Fifteen school age young Friends met at the 192nd annual sessions of Ohio Valley Yearly Meeting at Earlham College in Richmond, Indiana from July 25 – 29, 2012 to consider the theme of “Love One Another As I Have Loved Thee.”  The peaceful and beautiful campus of a historic Quaker College was the background for a time of fellowship, a deep spiritual sharing, learning about Quakerism, ourselves and each other, and working of service projects.  Children learned about expressions of love and courage between friends of different races in the book, Freedom Summer by Deborah Wiles, which inspired their skit.  They could all relate to being hurt when excluded and how powerful love can be to heal this pain.  Children also learned about Quaker Elizabeth Fry’s work in prisons giving hope and dignity to people who were so rejected.  Children made pictures of love and hope for prisoners to make them feel less lonely and more cared for.  OVYM Friend Eileen, who also works in prisons, shared how important it was to understand the whole story of a person in prison.  Children also learned about Jesus’ acts of love to people who were rejected and learned that giving love makes real changes. 

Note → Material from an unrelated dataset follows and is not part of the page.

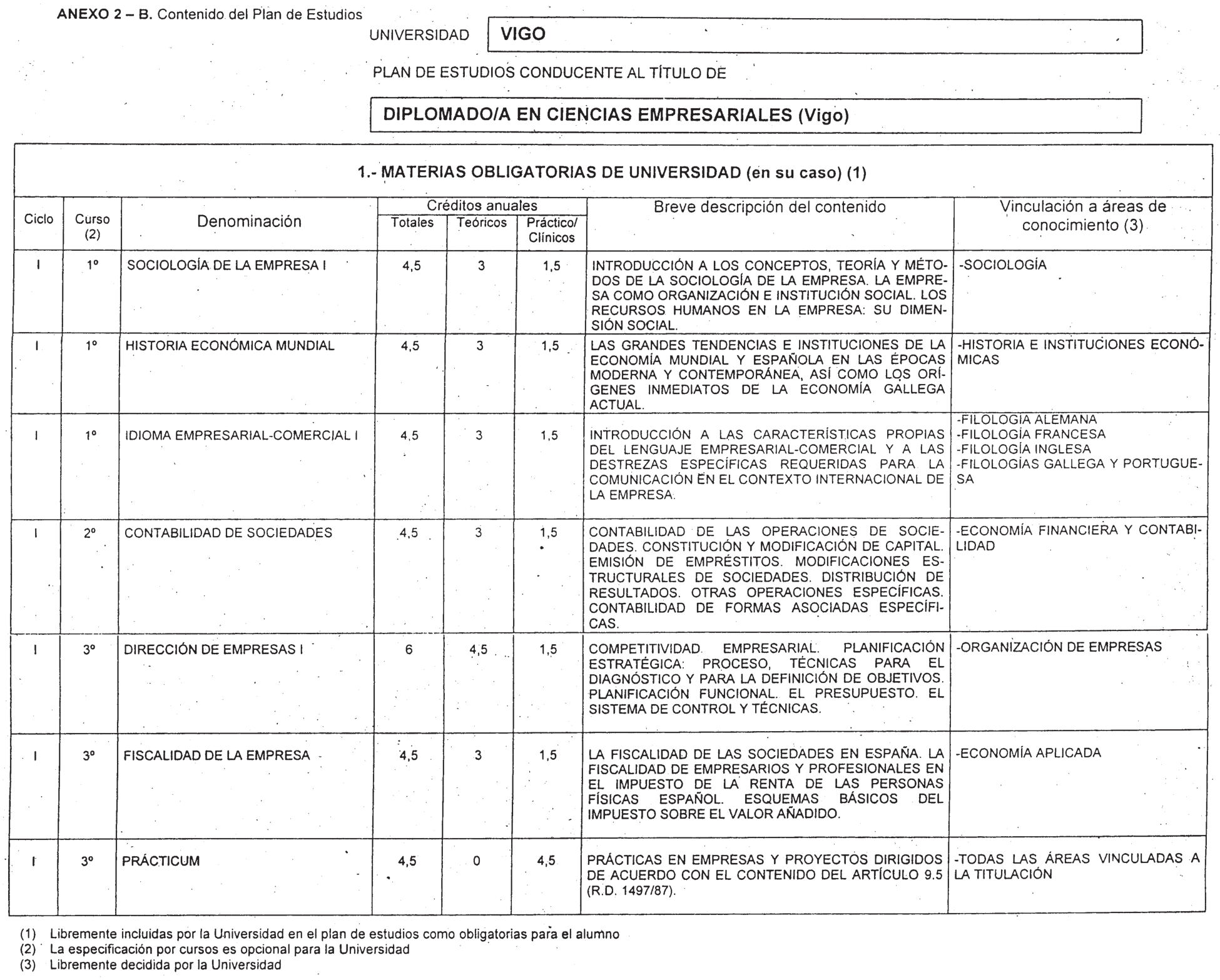 Resolución de 16 de noviembre de 2001, de la Universidad de Vigo, por la que se ordena la publicación de los planes de estudios conducentes a los títulos de Diplomado en Ciencias Empresariales y Maestro-especialidad en Educación Infantil y especialidad en Educación Primaria de la Escuela Universitaria de Profesorado de EGB (centro adscrito) de Vigo.

OVYM Teens shared about their service trip in D.C. and expressed how important it was to look at someone who was homeless, not walk away.  Children learned that if you can think about it, you can actually do it and saw all the food teens picked and provided for hungry people.

Children shared love through making toys for and visiting animals in a shelter.  Their hopes for the future are that nobody would be poor and unloved, everyone would have a home and food, that people would treat each other and animals with care and respect.  Finally, we believe that we can give love without expecting anything back, in our own individual ways and that can change the world.




Epistle from the Middle Youth Program

Greetings from the Middle Youth who attended the 192nd session of Ohio Valley Yearly Meeting held at Earlham College in Richmond, Indiana the 25th day to the 29th day of Seventh Month 2012.

Six Middle Youth Friends from Bloomington, Oxford and Yellow Springs monthly meetings were present. 

We enjoyed many activities.  Rafting was super fun.  We travelled eight miles on the Whitewater River.  It took us a respectable and relaxed five hours.  On the way, we filled bags with trash and recycling that we found as a service project to help the river environment.  We saw a lot of wild life, such as a tortoise, several great blue herons and a school of fish.  We did many outdoor things on the campus, including tree climbing, hiking trails and playing with the skip disc we found.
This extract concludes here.